Problem to work on: Using the records below, quote only the span that opens with the line containing "中(4画)屋(9画)敷(15画) 将(11画)一(1画)朗(11画)" and closes with the line containing "SAVE THE DATE: April", exactly and inclusively.
-*-
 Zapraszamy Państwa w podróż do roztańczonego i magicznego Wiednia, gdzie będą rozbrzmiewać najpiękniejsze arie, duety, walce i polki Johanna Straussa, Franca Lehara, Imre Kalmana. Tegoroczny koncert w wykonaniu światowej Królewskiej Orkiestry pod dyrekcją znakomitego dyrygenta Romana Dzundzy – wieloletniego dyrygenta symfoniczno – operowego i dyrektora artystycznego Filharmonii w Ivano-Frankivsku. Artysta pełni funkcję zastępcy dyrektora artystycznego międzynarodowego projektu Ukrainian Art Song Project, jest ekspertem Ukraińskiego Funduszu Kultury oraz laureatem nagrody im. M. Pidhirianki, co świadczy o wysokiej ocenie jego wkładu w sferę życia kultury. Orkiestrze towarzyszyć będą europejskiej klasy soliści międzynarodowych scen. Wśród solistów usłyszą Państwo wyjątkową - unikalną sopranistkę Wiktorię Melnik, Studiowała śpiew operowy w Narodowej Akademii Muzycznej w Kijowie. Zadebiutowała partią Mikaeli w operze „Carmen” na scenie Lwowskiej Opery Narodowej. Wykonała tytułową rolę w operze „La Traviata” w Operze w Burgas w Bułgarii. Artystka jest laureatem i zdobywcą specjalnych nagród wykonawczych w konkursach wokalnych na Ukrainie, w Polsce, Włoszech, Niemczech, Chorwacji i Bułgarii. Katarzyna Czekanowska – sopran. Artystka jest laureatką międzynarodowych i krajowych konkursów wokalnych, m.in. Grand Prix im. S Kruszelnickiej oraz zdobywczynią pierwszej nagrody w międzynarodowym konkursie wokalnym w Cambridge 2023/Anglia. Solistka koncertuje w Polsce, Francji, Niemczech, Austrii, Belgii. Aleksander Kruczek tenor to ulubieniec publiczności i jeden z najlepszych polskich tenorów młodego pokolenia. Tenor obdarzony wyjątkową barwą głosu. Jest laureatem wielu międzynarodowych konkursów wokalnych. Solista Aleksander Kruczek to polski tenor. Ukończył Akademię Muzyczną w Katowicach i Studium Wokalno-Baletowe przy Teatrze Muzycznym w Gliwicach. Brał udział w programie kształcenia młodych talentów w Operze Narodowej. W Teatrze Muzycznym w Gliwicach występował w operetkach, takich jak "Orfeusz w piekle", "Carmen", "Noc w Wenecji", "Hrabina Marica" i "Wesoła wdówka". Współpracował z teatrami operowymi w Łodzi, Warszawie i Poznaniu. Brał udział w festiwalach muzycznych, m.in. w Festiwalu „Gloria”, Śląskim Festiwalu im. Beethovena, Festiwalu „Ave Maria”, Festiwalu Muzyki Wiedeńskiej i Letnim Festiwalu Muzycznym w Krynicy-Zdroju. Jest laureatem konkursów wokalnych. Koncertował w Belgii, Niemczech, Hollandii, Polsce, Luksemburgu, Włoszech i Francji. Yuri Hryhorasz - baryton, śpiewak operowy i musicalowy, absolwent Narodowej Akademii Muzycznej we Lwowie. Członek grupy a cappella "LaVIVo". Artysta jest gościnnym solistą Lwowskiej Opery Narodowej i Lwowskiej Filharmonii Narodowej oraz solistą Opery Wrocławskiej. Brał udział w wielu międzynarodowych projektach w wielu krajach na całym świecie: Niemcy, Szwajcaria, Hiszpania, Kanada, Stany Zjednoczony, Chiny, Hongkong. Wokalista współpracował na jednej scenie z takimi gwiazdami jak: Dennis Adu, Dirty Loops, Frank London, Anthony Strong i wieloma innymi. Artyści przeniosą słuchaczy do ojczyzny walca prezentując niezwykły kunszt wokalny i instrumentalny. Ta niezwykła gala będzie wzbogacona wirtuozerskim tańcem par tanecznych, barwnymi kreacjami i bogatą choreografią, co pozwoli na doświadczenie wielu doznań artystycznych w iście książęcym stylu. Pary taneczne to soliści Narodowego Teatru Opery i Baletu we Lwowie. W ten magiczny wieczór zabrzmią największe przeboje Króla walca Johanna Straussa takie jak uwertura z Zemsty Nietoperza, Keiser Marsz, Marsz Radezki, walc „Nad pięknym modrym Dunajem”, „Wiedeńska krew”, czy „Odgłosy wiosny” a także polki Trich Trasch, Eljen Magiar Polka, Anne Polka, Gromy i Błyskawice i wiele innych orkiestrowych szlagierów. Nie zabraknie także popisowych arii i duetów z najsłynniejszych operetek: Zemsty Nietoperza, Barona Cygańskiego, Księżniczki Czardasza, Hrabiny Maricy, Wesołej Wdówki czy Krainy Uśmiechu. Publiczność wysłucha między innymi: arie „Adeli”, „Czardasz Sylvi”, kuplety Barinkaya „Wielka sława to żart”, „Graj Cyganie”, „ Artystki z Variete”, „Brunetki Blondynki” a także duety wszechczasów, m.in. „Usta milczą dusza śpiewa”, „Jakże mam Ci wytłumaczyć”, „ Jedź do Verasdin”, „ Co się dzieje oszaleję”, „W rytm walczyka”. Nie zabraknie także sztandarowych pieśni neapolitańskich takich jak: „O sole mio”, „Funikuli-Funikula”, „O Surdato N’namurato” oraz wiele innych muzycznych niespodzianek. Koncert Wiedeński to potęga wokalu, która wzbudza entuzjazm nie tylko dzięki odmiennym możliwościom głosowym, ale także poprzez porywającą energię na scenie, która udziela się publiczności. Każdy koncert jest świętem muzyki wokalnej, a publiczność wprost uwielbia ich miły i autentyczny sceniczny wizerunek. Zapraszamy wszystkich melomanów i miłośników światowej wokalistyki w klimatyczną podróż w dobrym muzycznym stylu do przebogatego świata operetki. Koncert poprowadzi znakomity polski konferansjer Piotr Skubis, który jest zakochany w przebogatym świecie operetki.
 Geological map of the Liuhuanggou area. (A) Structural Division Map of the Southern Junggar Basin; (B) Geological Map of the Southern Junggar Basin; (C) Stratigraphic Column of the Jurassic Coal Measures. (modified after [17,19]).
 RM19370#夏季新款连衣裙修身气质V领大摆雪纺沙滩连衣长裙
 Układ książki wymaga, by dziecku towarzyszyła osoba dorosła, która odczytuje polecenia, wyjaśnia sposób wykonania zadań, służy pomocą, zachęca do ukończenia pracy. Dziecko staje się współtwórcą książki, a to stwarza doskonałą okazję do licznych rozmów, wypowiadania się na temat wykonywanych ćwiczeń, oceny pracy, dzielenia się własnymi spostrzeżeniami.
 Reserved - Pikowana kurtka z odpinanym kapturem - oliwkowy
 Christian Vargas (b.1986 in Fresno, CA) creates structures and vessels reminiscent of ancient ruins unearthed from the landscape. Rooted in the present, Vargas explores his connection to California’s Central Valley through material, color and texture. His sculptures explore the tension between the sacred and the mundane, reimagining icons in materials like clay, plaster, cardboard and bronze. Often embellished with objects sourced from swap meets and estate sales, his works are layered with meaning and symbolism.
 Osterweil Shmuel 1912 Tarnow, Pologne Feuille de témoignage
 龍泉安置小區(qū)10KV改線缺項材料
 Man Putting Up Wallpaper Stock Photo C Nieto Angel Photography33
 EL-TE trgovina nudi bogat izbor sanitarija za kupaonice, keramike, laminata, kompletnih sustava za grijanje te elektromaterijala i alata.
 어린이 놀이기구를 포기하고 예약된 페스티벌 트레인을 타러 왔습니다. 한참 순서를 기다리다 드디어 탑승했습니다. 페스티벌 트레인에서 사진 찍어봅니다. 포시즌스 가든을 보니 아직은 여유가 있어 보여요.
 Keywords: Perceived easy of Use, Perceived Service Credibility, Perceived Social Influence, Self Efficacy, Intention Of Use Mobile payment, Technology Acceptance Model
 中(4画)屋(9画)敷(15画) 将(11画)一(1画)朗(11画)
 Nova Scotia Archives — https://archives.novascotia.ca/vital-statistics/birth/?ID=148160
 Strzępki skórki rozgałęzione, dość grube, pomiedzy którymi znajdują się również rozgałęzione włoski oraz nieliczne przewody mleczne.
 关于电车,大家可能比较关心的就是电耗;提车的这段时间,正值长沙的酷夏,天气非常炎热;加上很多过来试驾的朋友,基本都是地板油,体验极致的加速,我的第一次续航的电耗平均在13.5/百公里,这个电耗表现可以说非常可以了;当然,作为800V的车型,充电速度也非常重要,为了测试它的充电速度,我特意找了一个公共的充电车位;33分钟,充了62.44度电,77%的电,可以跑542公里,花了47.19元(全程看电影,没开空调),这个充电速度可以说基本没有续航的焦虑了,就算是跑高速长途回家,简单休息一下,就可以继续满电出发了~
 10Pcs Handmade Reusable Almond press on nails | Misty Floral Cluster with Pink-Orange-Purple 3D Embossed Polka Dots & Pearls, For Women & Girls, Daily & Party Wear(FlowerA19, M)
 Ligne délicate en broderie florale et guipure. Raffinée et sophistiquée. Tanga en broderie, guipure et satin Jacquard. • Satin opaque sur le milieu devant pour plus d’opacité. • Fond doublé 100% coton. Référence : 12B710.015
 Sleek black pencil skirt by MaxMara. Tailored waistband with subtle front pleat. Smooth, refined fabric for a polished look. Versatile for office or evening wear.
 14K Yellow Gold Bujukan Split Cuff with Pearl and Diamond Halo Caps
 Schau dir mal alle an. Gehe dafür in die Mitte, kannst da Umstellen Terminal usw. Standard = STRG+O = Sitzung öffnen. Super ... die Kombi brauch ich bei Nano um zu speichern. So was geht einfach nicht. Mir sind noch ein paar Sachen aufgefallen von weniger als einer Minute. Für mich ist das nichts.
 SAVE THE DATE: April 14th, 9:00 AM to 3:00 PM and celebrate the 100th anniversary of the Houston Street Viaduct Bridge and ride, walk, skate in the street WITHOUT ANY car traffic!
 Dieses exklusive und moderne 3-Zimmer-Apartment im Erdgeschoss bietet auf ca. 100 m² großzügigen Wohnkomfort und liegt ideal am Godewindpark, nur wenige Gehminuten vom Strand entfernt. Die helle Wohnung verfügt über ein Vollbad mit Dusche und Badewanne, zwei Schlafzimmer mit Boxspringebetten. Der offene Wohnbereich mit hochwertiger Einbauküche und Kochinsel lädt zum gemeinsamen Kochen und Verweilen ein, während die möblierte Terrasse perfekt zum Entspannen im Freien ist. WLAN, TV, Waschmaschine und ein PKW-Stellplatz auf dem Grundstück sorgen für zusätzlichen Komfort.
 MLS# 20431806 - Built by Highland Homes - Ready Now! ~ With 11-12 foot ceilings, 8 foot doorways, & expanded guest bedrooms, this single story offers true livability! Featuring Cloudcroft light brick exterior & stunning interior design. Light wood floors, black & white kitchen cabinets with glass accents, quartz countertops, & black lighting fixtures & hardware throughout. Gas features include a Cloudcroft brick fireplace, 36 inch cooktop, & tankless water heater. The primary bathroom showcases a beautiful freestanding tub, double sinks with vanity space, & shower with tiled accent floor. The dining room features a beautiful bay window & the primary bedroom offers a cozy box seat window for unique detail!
-*-
Exercise output:
 中(4画)屋(9画)敷(15画) 将(11画)一(1画)朗(11画)
 Nova Scotia Archives — https://archives.novascotia.ca/vital-statistics/birth/?ID=148160
 Strzępki skórki rozgałęzione, dość grube, pomiedzy którymi znajdują się również rozgałęzione włoski oraz nieliczne przewody mleczne.
 关于电车,大家可能比较关心的就是电耗;提车的这段时间,正值长沙的酷夏,天气非常炎热;加上很多过来试驾的朋友,基本都是地板油,体验极致的加速,我的第一次续航的电耗平均在13.5/百公里,这个电耗表现可以说非常可以了;当然,作为800V的车型,充电速度也非常重要,为了测试它的充电速度,我特意找了一个公共的充电车位;33分钟,充了62.44度电,77%的电,可以跑542公里,花了47.19元(全程看电影,没开空调),这个充电速度可以说基本没有续航的焦虑了,就算是跑高速长途回家,简单休息一下,就可以继续满电出发了~
 10Pcs Handmade Reusable Almond press on nails | Misty Floral Cluster with Pink-Orange-Purple 3D Embossed Polka Dots & Pearls, For Women & Girls, Daily & Party Wear(FlowerA19, M)
 Ligne délicate en broderie florale et guipure. Raffinée et sophistiquée. Tanga en broderie, guipure et satin Jacquard. • Satin opaque sur le milieu devant pour plus d’opacité. • Fond doublé 100% coton. Référence : 12B710.015
 Sleek black pencil skirt by MaxMara. Tailored waistband with subtle front pleat. Smooth, refined fabric for a polished look. Versatile for office or evening wear.
 14K Yellow Gold Bujukan Split Cuff with Pearl and Diamond Halo Caps
 Schau dir mal alle an. Gehe dafür in die Mitte, kannst da Umstellen Terminal usw. Standard = STRG+O = Sitzung öffnen. Super ... die Kombi brauch ich bei Nano um zu speichern. So was geht einfach nicht. Mir sind noch ein paar Sachen aufgefallen von weniger als einer Minute. Für mich ist das nichts.
 SAVE THE DATE: April 14th, 9:00 AM to 3:00 PM and celebrate the 100th anniversary of the Houston Street Viaduct Bridge and ride, walk, skate in the street WITHOUT ANY car traffic!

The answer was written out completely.